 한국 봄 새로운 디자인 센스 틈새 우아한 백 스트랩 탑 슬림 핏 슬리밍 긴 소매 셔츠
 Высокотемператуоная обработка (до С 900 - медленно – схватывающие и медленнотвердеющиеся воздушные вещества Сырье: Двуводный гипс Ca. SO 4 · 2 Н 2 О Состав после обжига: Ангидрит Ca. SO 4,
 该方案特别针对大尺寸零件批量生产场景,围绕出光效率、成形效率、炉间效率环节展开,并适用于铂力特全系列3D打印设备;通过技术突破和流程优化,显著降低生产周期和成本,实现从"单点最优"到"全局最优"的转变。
---
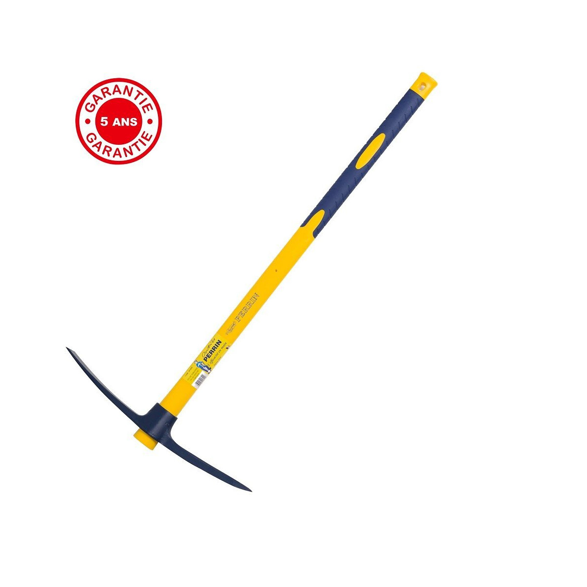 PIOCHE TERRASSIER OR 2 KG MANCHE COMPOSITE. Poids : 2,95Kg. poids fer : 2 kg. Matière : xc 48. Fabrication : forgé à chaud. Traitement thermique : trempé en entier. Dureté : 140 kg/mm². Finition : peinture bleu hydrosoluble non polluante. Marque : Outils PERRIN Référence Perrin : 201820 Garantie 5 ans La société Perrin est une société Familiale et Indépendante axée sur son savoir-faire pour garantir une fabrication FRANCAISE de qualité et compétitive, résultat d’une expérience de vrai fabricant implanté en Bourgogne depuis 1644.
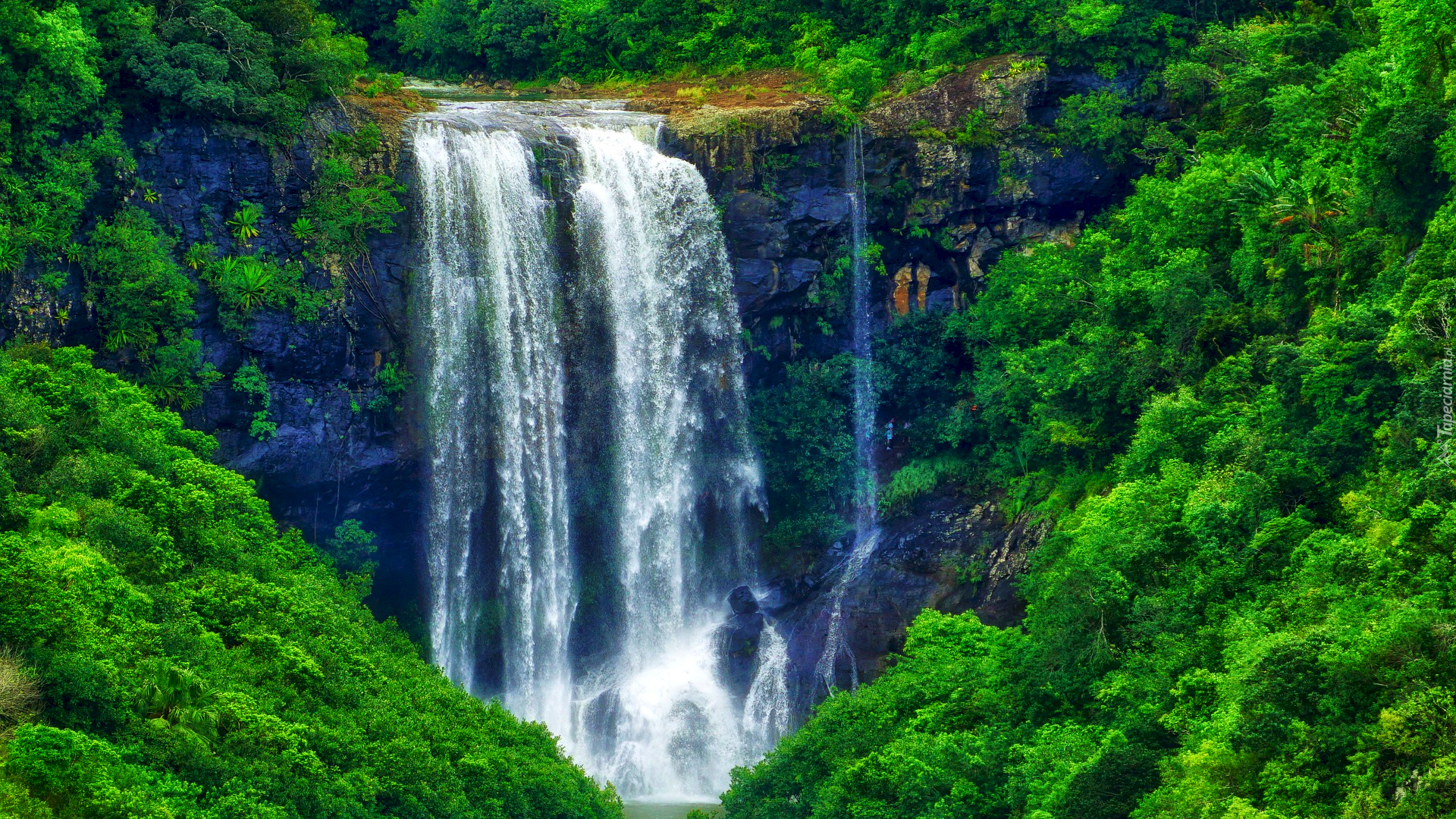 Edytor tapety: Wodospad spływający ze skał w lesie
--
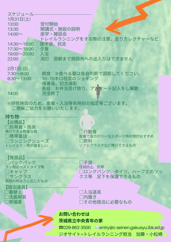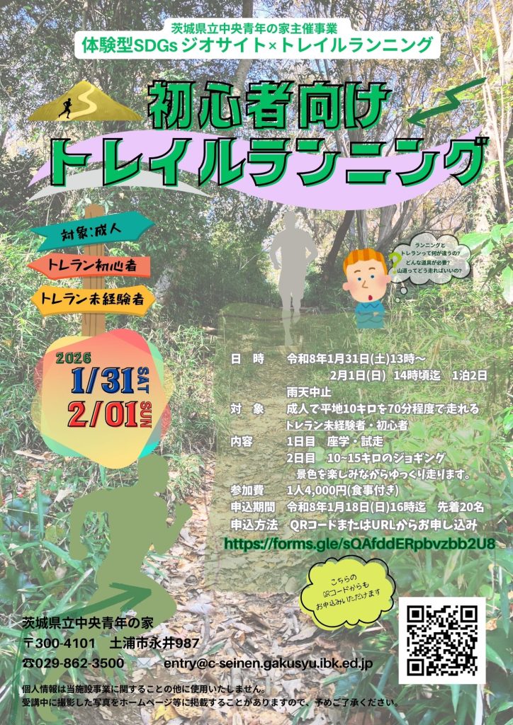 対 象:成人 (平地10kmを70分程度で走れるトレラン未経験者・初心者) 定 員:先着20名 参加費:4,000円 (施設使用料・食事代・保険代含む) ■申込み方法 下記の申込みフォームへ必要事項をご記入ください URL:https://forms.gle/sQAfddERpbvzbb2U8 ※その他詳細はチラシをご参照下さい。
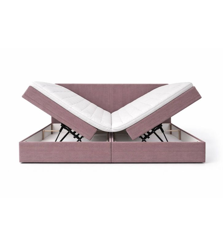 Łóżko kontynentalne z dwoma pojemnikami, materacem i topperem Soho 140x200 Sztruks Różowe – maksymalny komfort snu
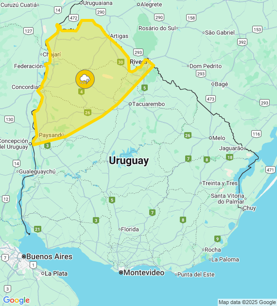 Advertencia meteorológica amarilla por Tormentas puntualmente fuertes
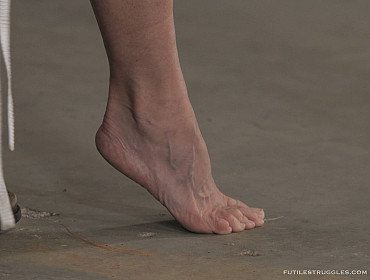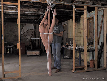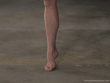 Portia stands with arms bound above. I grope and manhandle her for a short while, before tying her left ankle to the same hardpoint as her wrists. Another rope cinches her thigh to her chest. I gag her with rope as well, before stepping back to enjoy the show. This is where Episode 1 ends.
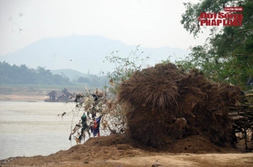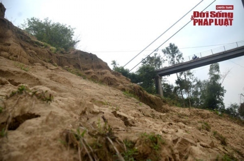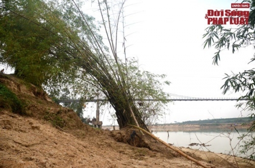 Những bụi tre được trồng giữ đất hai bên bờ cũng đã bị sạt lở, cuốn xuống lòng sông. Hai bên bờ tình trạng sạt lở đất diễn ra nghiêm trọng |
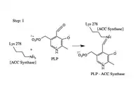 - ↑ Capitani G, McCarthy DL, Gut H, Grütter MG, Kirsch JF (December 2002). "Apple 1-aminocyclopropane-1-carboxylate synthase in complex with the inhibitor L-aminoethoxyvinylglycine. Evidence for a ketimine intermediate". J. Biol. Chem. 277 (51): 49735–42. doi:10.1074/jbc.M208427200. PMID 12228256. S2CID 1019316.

Required action - In the listing above, find the line containing "한국 봄 새로운 디자인" and the line containing "该方案特别针对大尺寸零件批量", then retype both and every line between them exactly, with nothing else.

Written answer -
 한국 봄 새로운 디자인 센스 틈새 우아한 백 스트랩 탑 슬림 핏 슬리밍 긴 소매 셔츠
 Высокотемператуоная обработка (до С 900 - медленно – схватывающие и медленнотвердеющиеся воздушные вещества Сырье: Двуводный гипс Ca. SO 4 · 2 Н 2 О Состав после обжига: Ангидрит Ca. SO 4,
 该方案特别针对大尺寸零件批量生产场景,围绕出光效率、成形效率、炉间效率环节展开,并适用于铂力特全系列3D打印设备;通过技术突破和流程优化,显著降低生产周期和成本,实现从"单点最优"到"全局最优"的转变。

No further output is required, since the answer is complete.